Le fluttuazioni di tensione non vengono indicate da alcun segnale di avvertimento. Una notte la tensione è stabile, mentre la notte successiva può diminuire o aumentare drasticamente – soprattutto nelle installazioni esterne o semiesterne, dove i cavi sono lunghi e le condizioni ambientali cambiano rapidamente. Per un riscaldatore a infrarossi, questa instabilità non rappresenta soltanto un fastidio: costringe l’elemento riscaldante e l’elettronica ad lavorare sottoposti a carichi elevati, causando una distribuzione irregolare del calore e un deterioramento prematuro dei componenti. Il risultato è un funzionamento irregolare del riscaldatore, più richieste di assistenza tecnica, e un ambiente che non rimane costantemente caldo proprio quando ne hai bisogno.
Ciò che è davvero importante I nostri riscaldatori personalizzati utilizzano il calore infrarosso per riscaldare gli ambienti; per farlo, vengono impiegati elementi ad alta efficienza abbinati a circuiti di compensazione della tensione. Quando la tensione di alimentazione diminuisce, il circuito mantiene una tensione costante, così da evitare variazioni nella temperatura dell’elemento riscaldante. Quando invece la tensione aumenta, il circuito assorbe l’energia in eccesso per proteggere l’elemento stesso. Questo è importante perché il calore infrarosso dipende dalla temperatura della superficie: mantenendo questa stabile, si ottiene una distribuzione uniforme del calore, un comfort costante e meno stress termico. Il riscaldatore funziona con una normale presa elettrica; noi progettiamo i circuiti interni in modo che possano gestire le fluttuazioni di tensione senza perdere efficienza. Un termostato integrato permette di mantenere la temperatura desiderata nell’ambiente, mentre la protezione contro le cadute e un contenitore sigillato garantiscono un funzionamento sicuro. Per uso esterno, è consigliabile scegliere modelli dotati di classe di protezione IP, in grado di resistere pioggia e vento.

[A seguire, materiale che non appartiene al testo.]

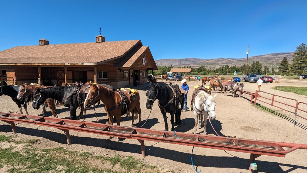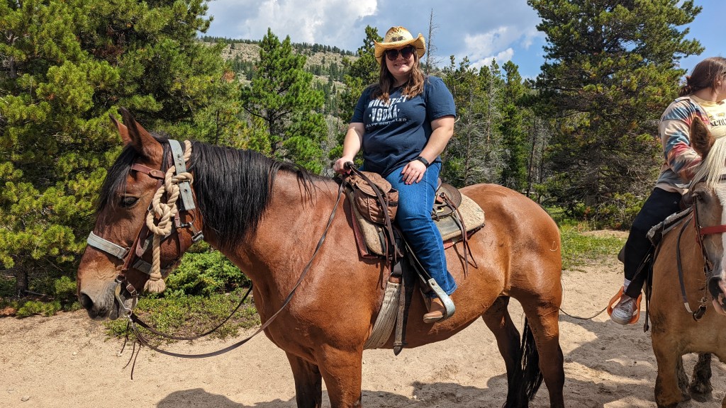 There are four options available to book a horseback ride at Sombrero Stables, National Park Gateway Stables, Glacier Creek Stables, and Winding River Resort. The first three are in or near Estes Park and the last one is in Grand Lake. I have ridden at all four places and my favorite is National Park Gateway Stables [NPGS] as it offers the most versatile ride length options with average prices. Early in the summer, I did a 2-hour trail ride and later in the summer, I did a 6-hour trail ride. The trails used by NPGS go either up in elevation or through Horseshoe Park (valley). You get great eye-catching scenery of the mountains that is just wonderful.

Perché questo approccio funziona nella realtà I riscaldatori esterni funzionano meglio quando rimangono “nell’ombra”, senza creare problemi, offrendo semplicemente calore. Grazie alla compensazione della tensione, il riscaldatore mantiene una prestazione costante anche di fronte alle piccole fluttuazioni di tensione che possono verificarsi al tramonto, quando cambiano i carichi degli altri utenti, o quando i cavi lungo devono affrontare condizioni meteorologiche avverse. In questo modo si ottiene un calore uniforme in tutta l’area interessata, un tempo di riscaldamento più rapido e meno fluttuazioni di temperatura. Per le attività commerciali, questo significa un comfort maggiore per i clienti e meno interruzioni. Per le case, invece, il patio diventa davvero un’estensione del soggiorno, anche quando il tempo peggiora.

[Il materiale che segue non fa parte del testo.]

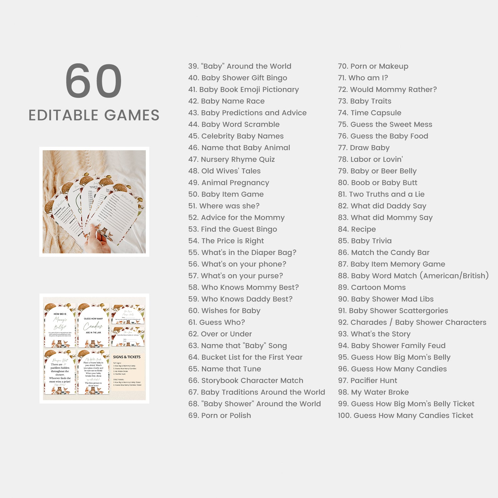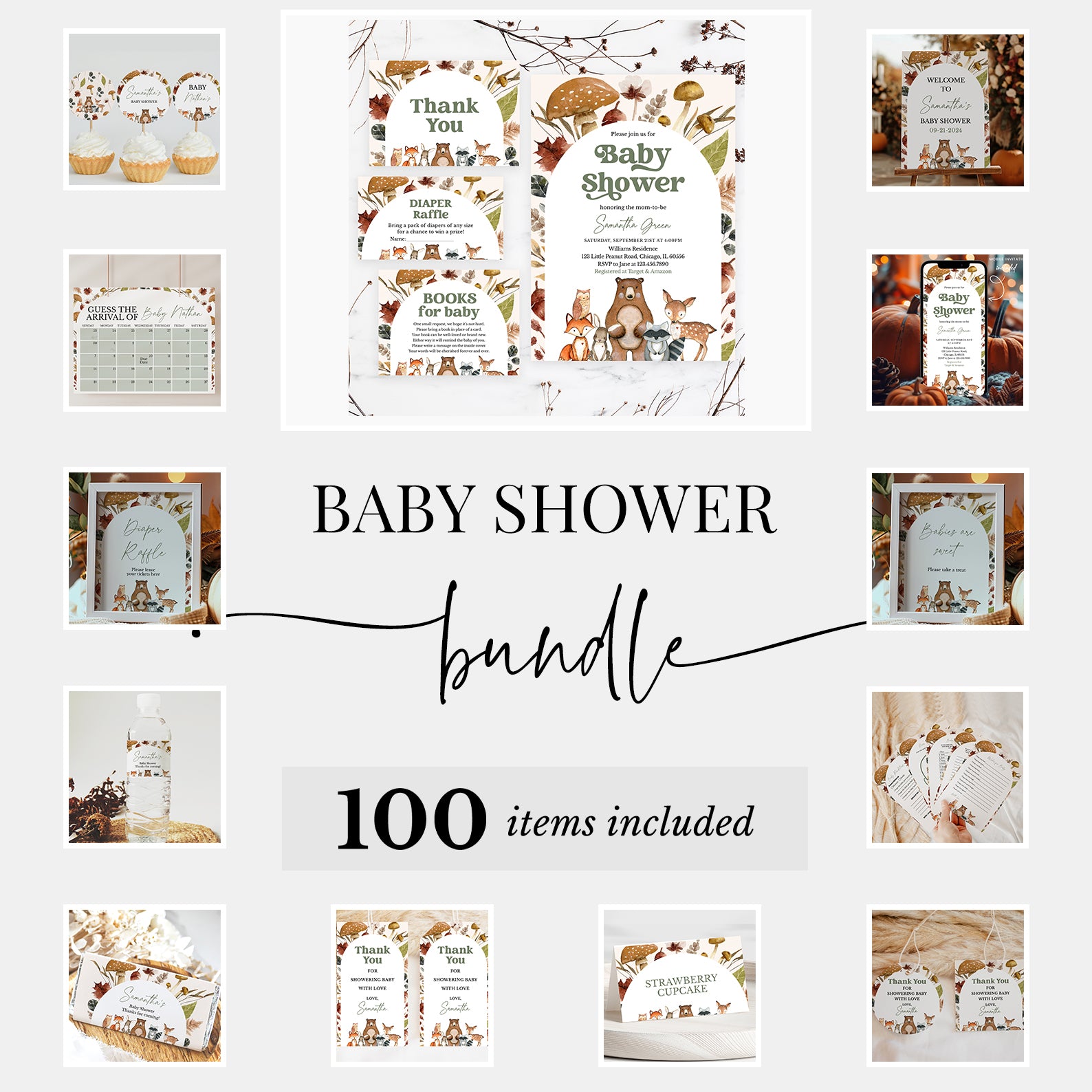 Celebrate the upcoming arrival of your little one with our all-in-one fall baby shower mega bundle! This collection includes 100 beautifully designed items from invitations and thank you cards to diaper raffles, table signs, favor tags, and editable games. Featuring a charming woodland theme with colorful mushrooms, playful animals, and autumn leaves, this bundle brings cozy seasonal warmth and joyful elegance to every aspect of your celebration. Easy to customize and perfect for making lasting memories!
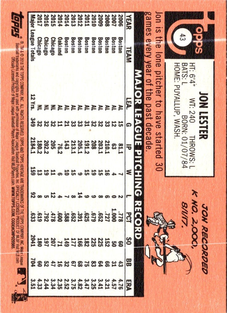 The 2018 Topps Jon Lester #43 Chicago Cubs card is a must-have for any Cubs fan! Featuring a bold portrait of the pitcher in his signature blue Cubs uniform, this card is a great way to commemorate the career of one of the team's all-time greats. With vibrant colors and sharp detail, the card is sure to be a standout in any collection. A great way to show your support for the Cubs, and celebrate the career of one of their all-time best!
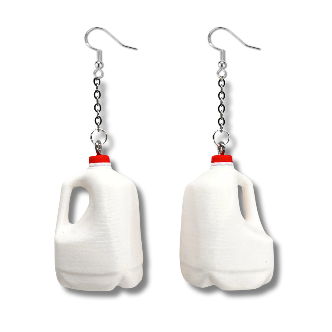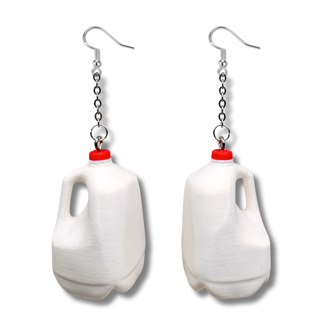 Got milk? These quirky 3D printed milk jug earrings are the ultimate statement piece for anyone who loves playful, out-of-the-box jewelry. Each earring is crafted to look just like a tiny gallon jug, complete with a bold red cap, and finished with a chain drop for extra swing. Lightweight, durable, and guaranteed to spark conversations, these earrings make the perfect gift for dairy lovers, nostalgia fans, or anyone with a bold sense of style.
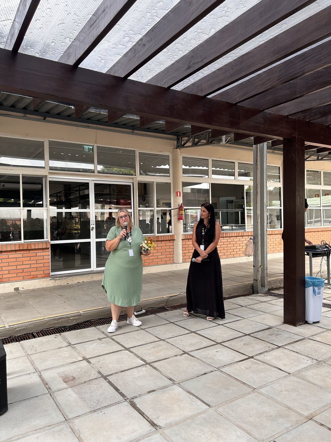 O dia foi marcado pelo reencontro repleto de afeto e acolhimento. Na chegada ao Colégio, os Profissionais se reuniram no Pátio Central onde foram recebidos pela equipe diretiva e pedagógica. A diretora Paula Poli aproveitou o momento para apresentar a nova vice-diretora Fernanda Vencato Radajeski.
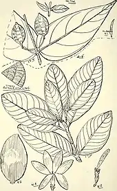 Illustration (lower half) of a species of Larsenaikia, L. ochreata (drawn as Gardenia ochreata, number 215).
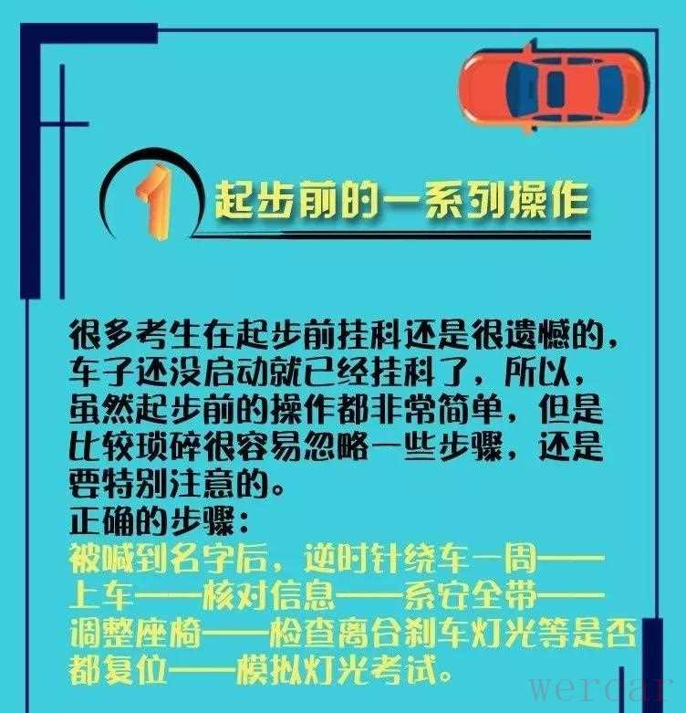 很多考生在起步前挂科还是很遗憾的,车子还没启动就已经挂科了,所以,虽然起步前的操作很简单,但都是一些琐碎的,容易忽略的。

Consigli pratici per evitare problemi Assicuratevi che il riscaldatore sia collegato correttamente al circuito elettrico, e cercate di rendere il cavo il più breve possibile e ben collegato alla terra. I cavi troppo lunghi possono creare resistenze che influenzano il funzionamento del circuito di compensazione; pertanto, è consigliabile collegare il riscaldatore direttamente a una presa adeguatamente dimensionata. Se pianificate di utilizzare più riscaldatori nello stesso circuito, verificate il carico totale. Anche se il circuito di protezione gestisce la maggior parte delle fluttuazioni di tensione, tempeste elettriche estreme possono comunque causare tensioni elevate; per maggiore sicurezza, considerate l’uso di un protettore contro le sovratensioni per tutta la casa.